Add support for the simple "sigs-based auth" VSS scheme

TheBlueMatt · TheBlueMatt · commit 38ae0f962c65 · 2026-01-15T01:57:21.000Z
At lightningdevkit/vss-server#79 we added a new, trivial, VSS authentication scheme that ensures client isolation without much else. This is great for testing, and we expect some to do new-account-rate-limiting via other means, so might well become a common default. Here we add support to it in ldk-node.

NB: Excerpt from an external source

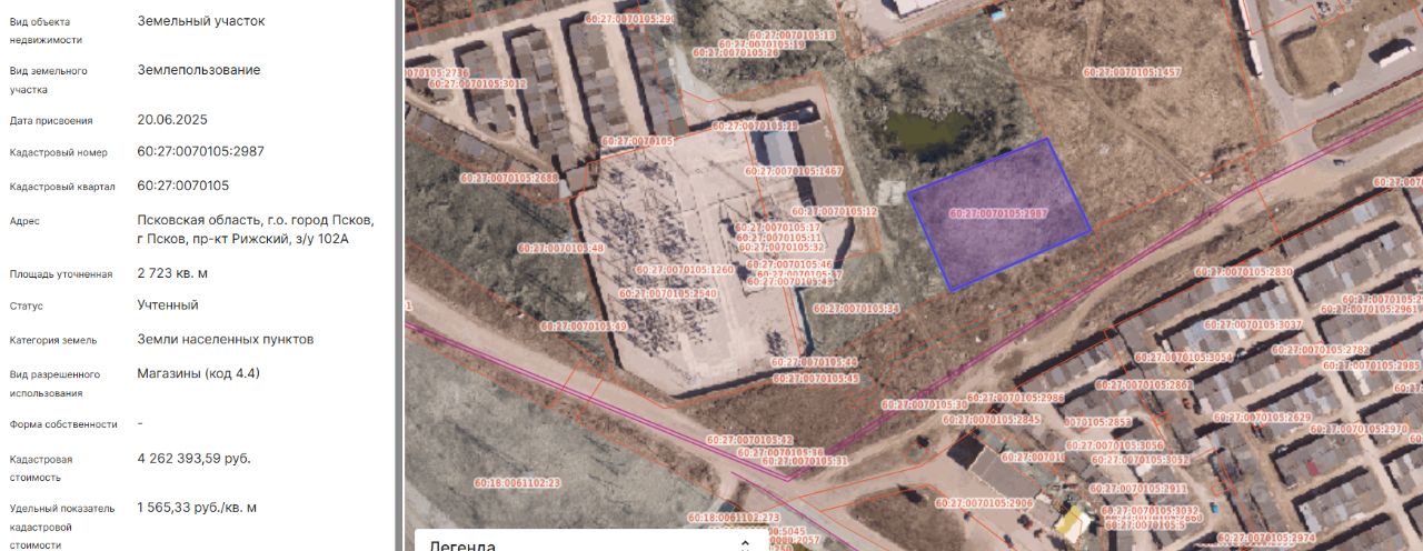 Земельный участок с КН 60:27:0070105:2987, площадью 2723 кв.м, с местоположением: Псковская область, г. Псков, пр-кт Рижский, з/у 102А, с видом разрешенного использования "магазины" (код 4.4)

diff --git a/src/builder.rs b/src/builder.rs
@@ -568,6 +568,32 @@ impl NodeBuilder {
 		self.build_with_store(node_entropy, kv_store)
 	}
 
+	/// Builds a [`Node`] instance with a [VSS] backend and according to the options
+	/// previously configured.
+	///
+	/// Uses a simple authentication scheme proving knowledge of a secret key.
+	///
+	/// `fixed_headers` are included as it is in all the requests made to VSS and LNURL auth server.
+	///
+	/// **Caution**: VSS support is in **alpha** and is considered experimental.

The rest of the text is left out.